Acton glanced to the little bridge half a mile down the long white road, where the road narrowed to meet the low stone walls, and he knew as well as though he saw it that the carriage would catch the bridge and be shivered to match-wood. The horses must be stopped before they reached it, or the lady would be killed. Now Acton, with all his faults, was no coward. Without thinking of the terrible risk he ran, he sprang out into the middle of the road and waved his arms frantically at the horses moving like a thunderbolt towards him. But they were too maddened with terror to heed this waving apparition in their path, and Acton, in the very nick of time, just jumped aside and avoided the carriage-pole, pointed like a living lance at his breast.
[Illustration: AS THE HORSES WHIRLED PAST, HE CLUTCHED MADLY AT THE LOOSE REINS.]
As the horses whirled past, he clutched madly at the loose reins, see-sawing in the air. He held them, and the leather slid through his frenzied grasp, cutting his palms to the bone. When he reached the loop he was jerked off his feet with a terrible shock, and was whirled along the dusty road, the carriage-wheels grinding, crunching, and skidding within a foot of his head. Luckily the reins held, and when, after being dragged a hundred yards or so, and half choked by the thick dust, he managed to scramble to his feet, he pulled with frenzied, convulsive strength on the off-side rein. The horses swerved to the fearful saw on their jaws, and pulled nearly into the left-hand hedge. Acton’s desperate idea was to overturn the carriage into the hedge before the horses could reach the bridge, for he felt he could no more pull them up than he dare let them go. There was just a chance for the lady if she were overturned into the bank or hedge, but none whatever if she were thrown at the bridge. In a minute or so the carriage lurched horribly sideways: there was a grinding crash, and the carriage overturned bodily into the bank. The lady was shot out, and the next minute the horses’ hoofs were making tooth-picks of the wrecked carriage.

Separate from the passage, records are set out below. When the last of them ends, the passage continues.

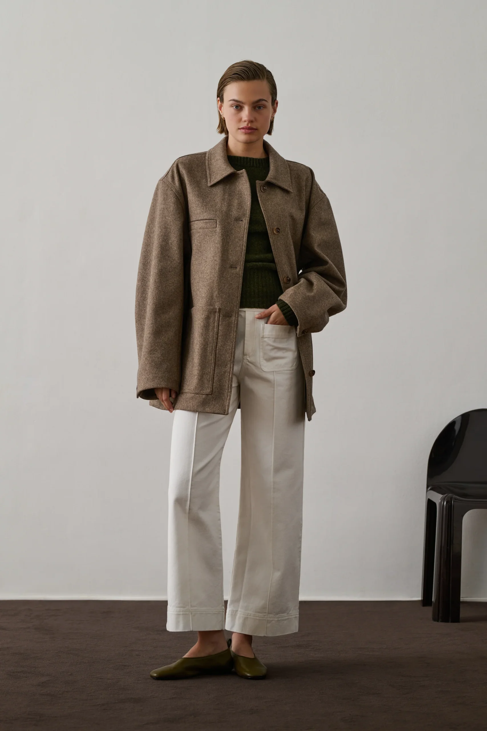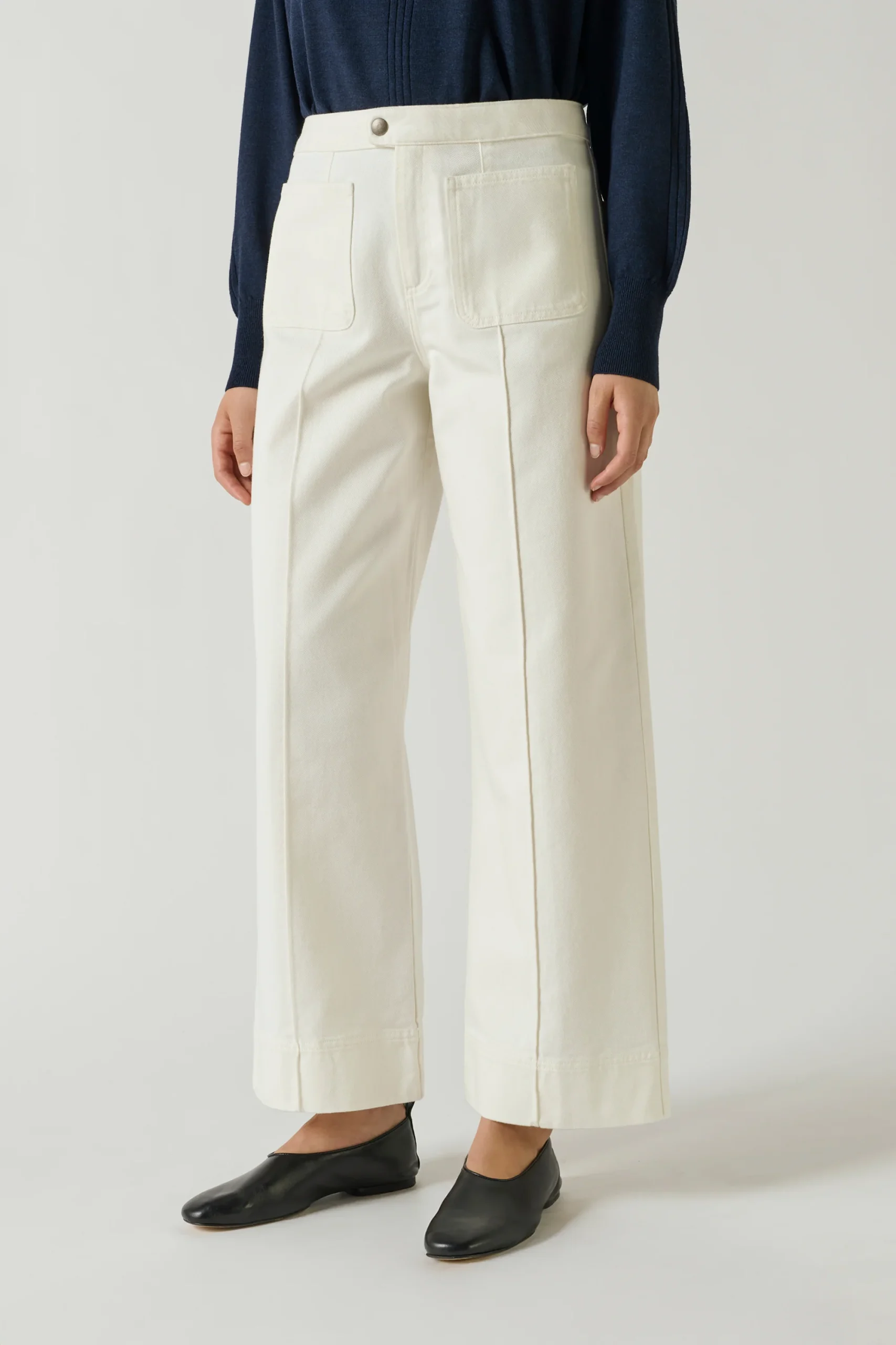 HARRY est un pantalon iconique du vestiaire Soeur, identifiable par ses poches plaquées à l’avant et à l’arrière et son pli marqué le long de la jambe. Il convient à toutes les morphologies grâce à sa coupe légèrement évasée et sa longueur 7/8e suspendue sur la cheville qui allonge la silhouette. Cette version en denim épais craie (blanc cassé) est souple et confortable au quotidien.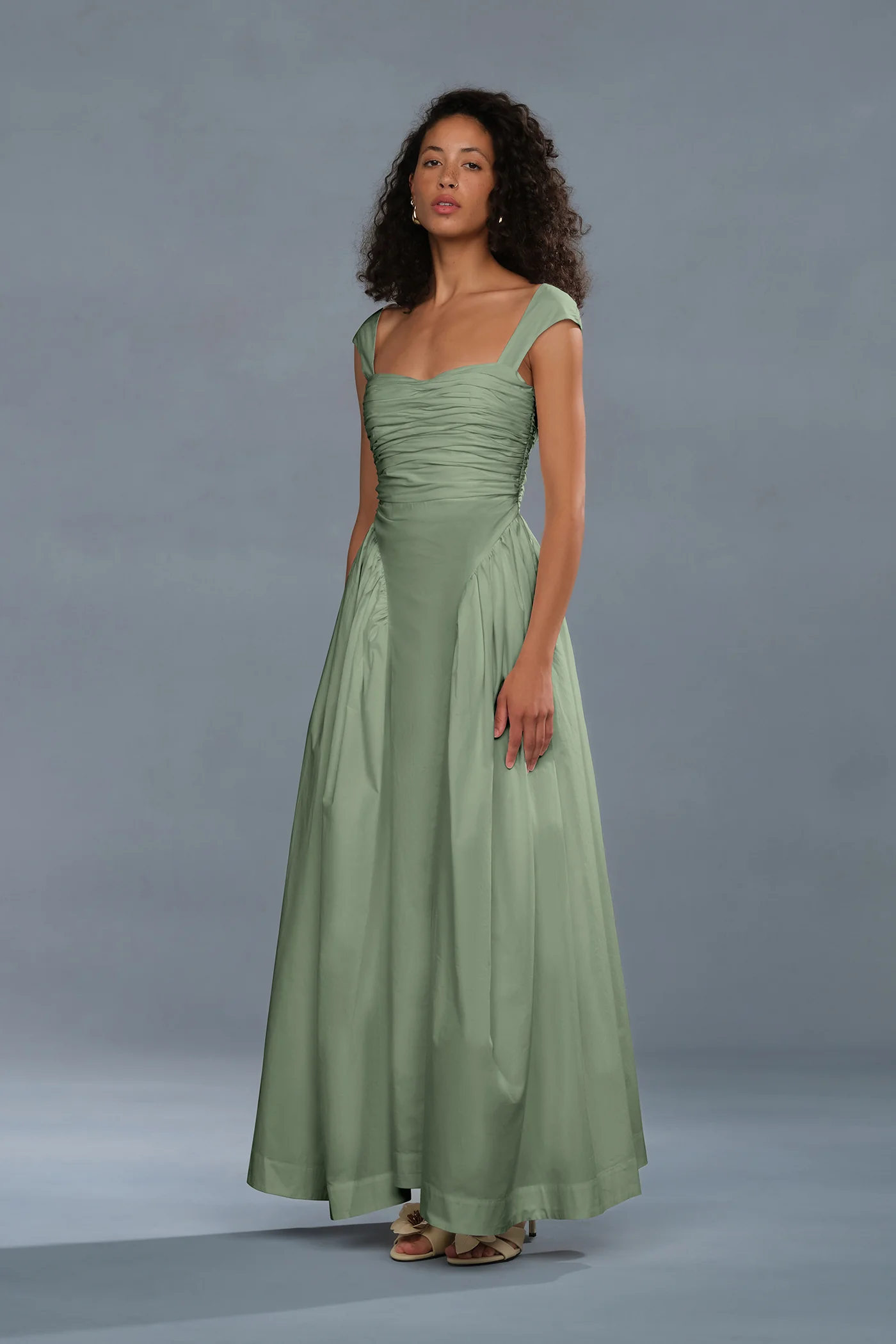 In crisp cotton, this off-shoulder moment keeps things classic with a straight neckline and softly gathered bodice that skims with quiet definition. A faux drop waist drifts into fluid volume, giving the skirt that easy, airy bloom. Casual meets classy—she flips from daytime plans to candlelit dinners without trying.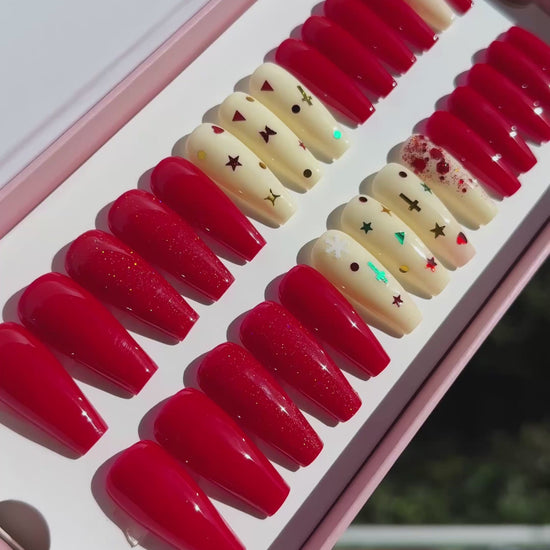 L'esprit des fêtes version manucure: joyeux, doux et scintillant. Les faux ongles holiday Magic sauront vous sublimer. ongles faits main. Taille moyenne, forme ballerine coffin.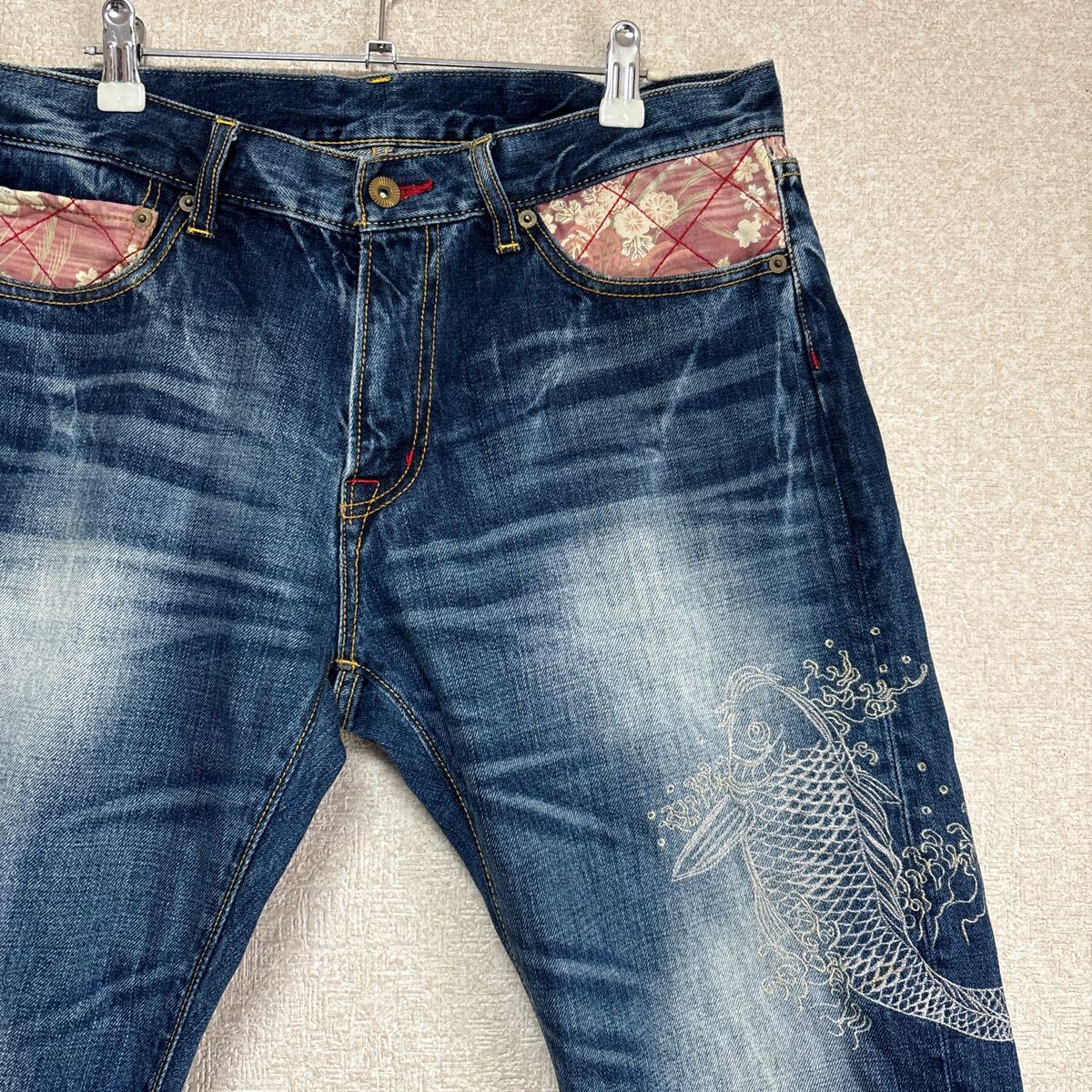 Product name: 【岡山デニムブランド】 備中倉敷工房 エターナルジーンズ 鯉刺繍 和柄 鬼ヒゲ デニム ハーフパンツ SIZE 34 メンズLサイズ相当
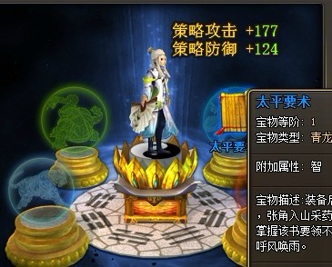每个武将可以装备四个宝物,提升的空间是相当的大的如下图,太平要术+150智力,可以增加177的策略攻击及124的策略防御。当然还有加力量加敏捷加生命这些不错的宝物,嘿嘿,短时间提升武将能力,过关斩将是你不二的选择噢。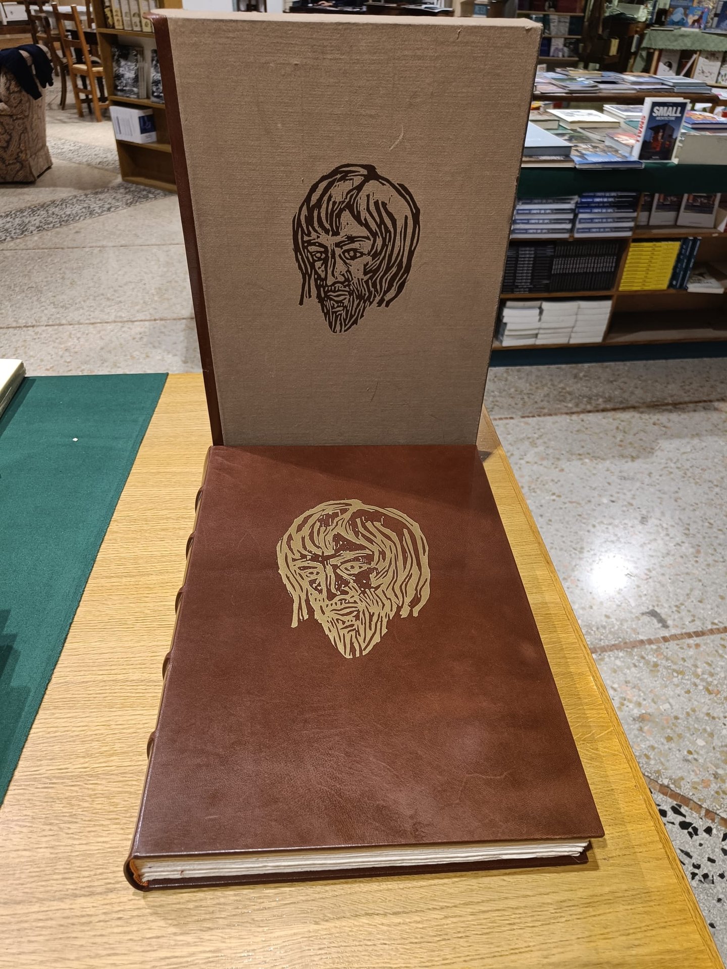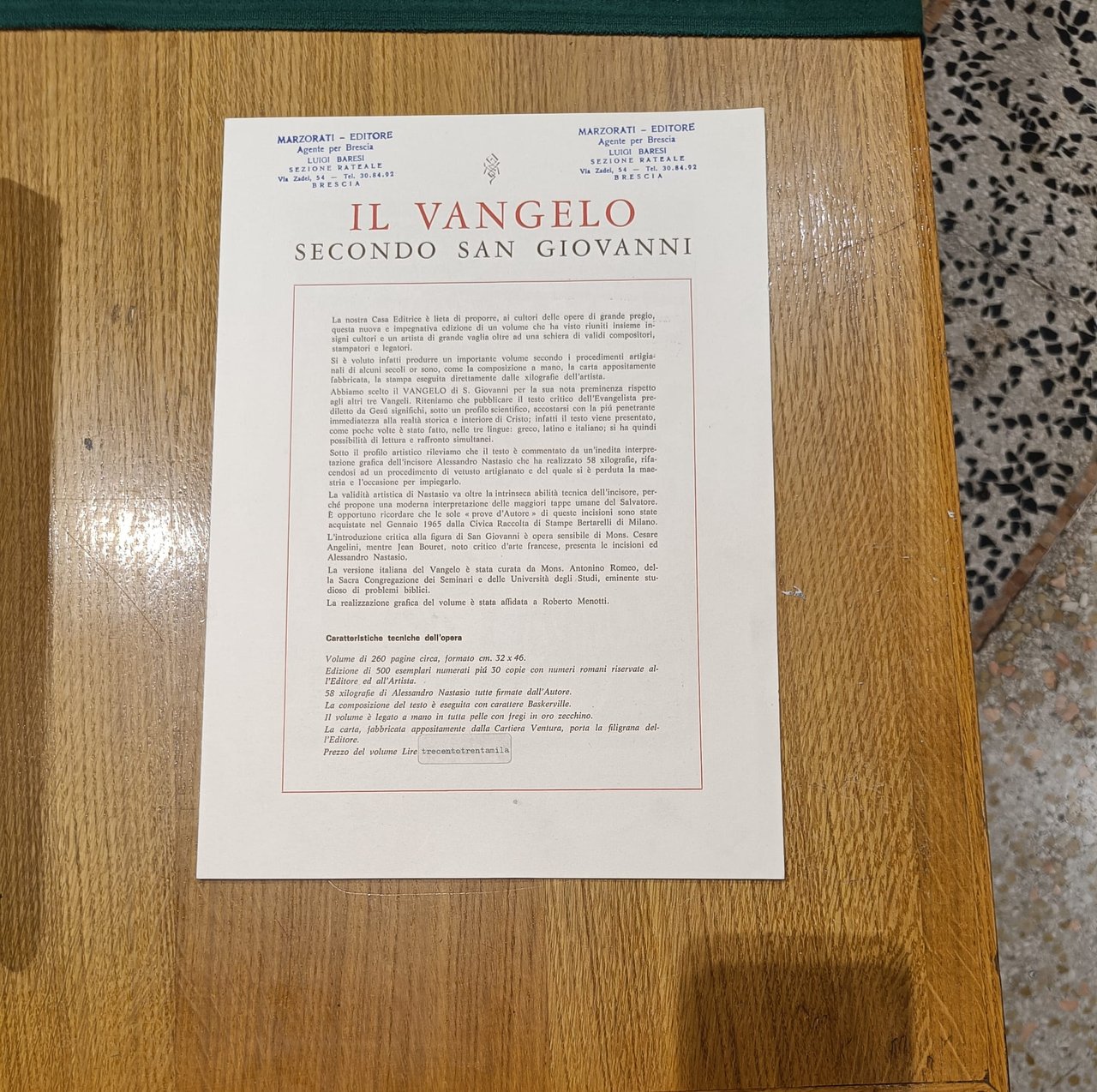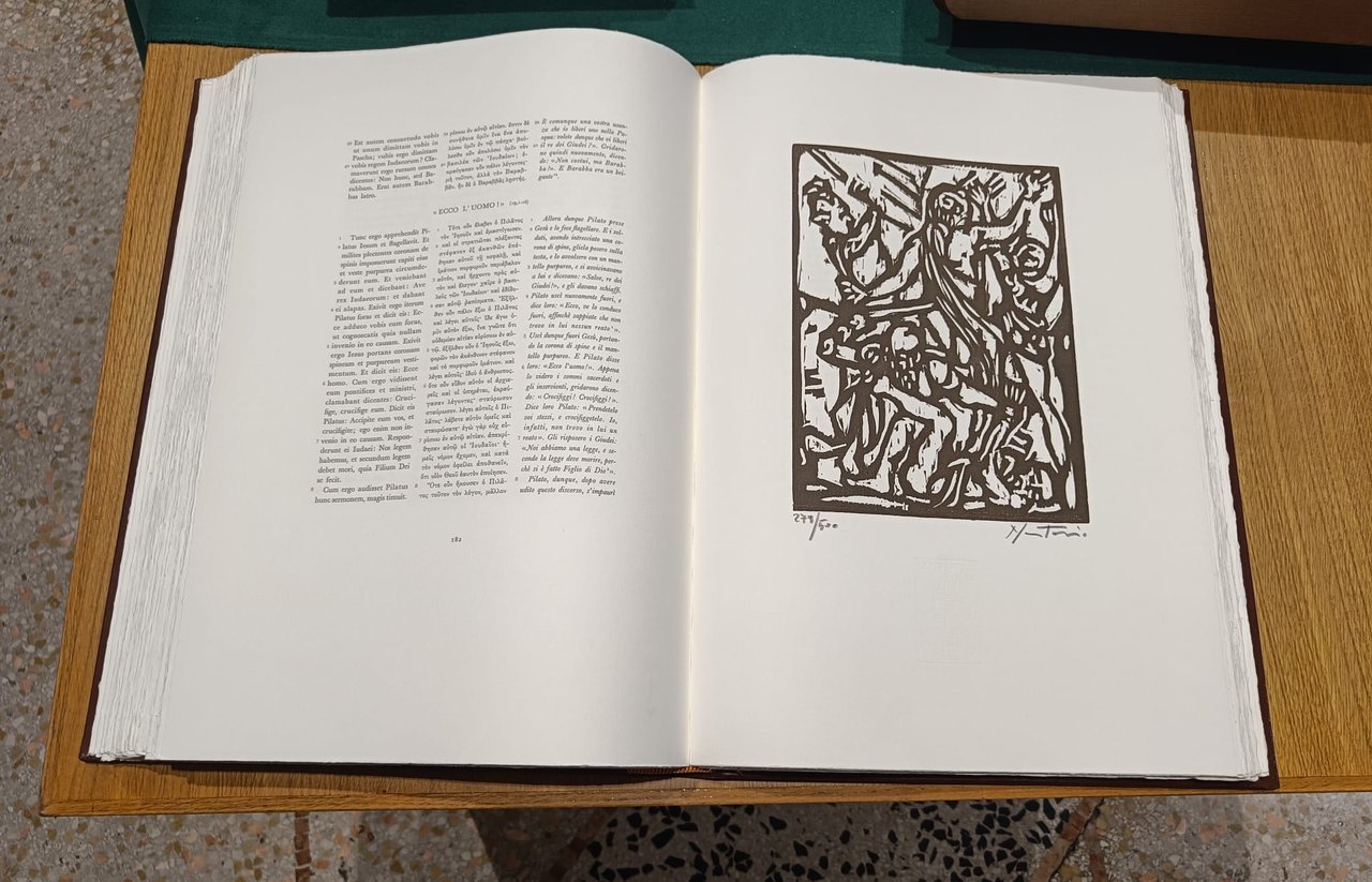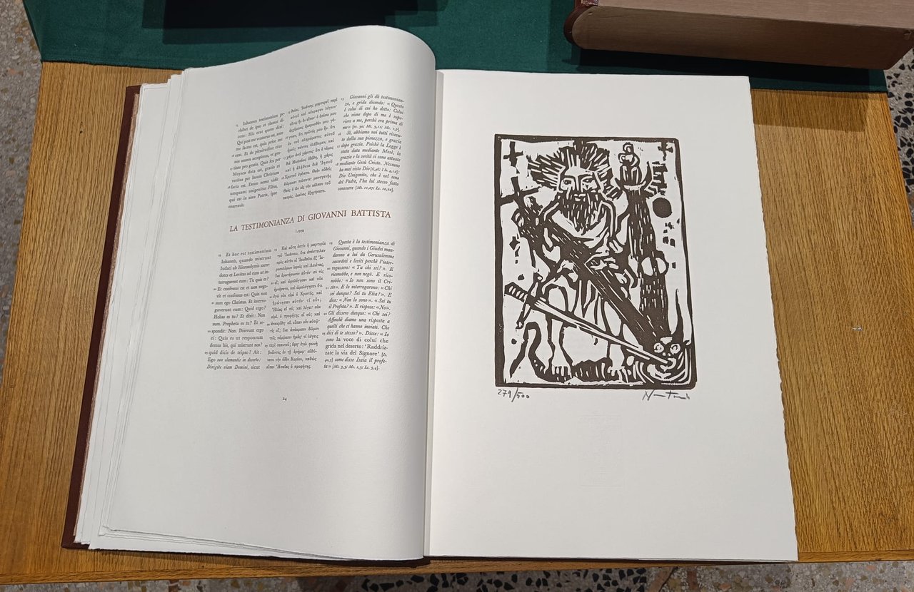 Vangelo secondo Giovanni realizzato tramite procedimenti artigianali di alcuni secoli fa (composizione a mano, carta appositamente fabbricata, stampa eseguita diorettamente dalle xilografie dell'artista). Presenta 58 xilografie dell'incisore Alessandro Nastasio presentate da Jean Bouret. Introduzione critica su San Giovanni di Mons. Cesare Angelini. Esemplare n. 279. Volume legato a mano in tutta pelle con fregi in oro zecchino.

Acton darted up the bank and found the lady dazed and bruised, but was overjoyed to see she wasn’t dead. “Are you much hurt?”
“No, I don’t think so,” she said, with a brave smile; “but I expected to be killed any moment. You are a brave man, sir, to risk your life for a stranger.”
Acton said quietly, “Not at all; but I think I was very lucky to turn them in time.”
In a minute or two there was a small crowd. Half a dozen stray cyclists had wheeled up, and with their help Acton got out the horses, dreadfully cut about the legs and shivering with terror, from the wreckage. Down the dusty road were men running for dear life, and ahead of all Acton caught sight of a well-known athletic figure running like a deer, and in another moment Phil Bourne was asking the lady in panting bursts if she were not really hurt.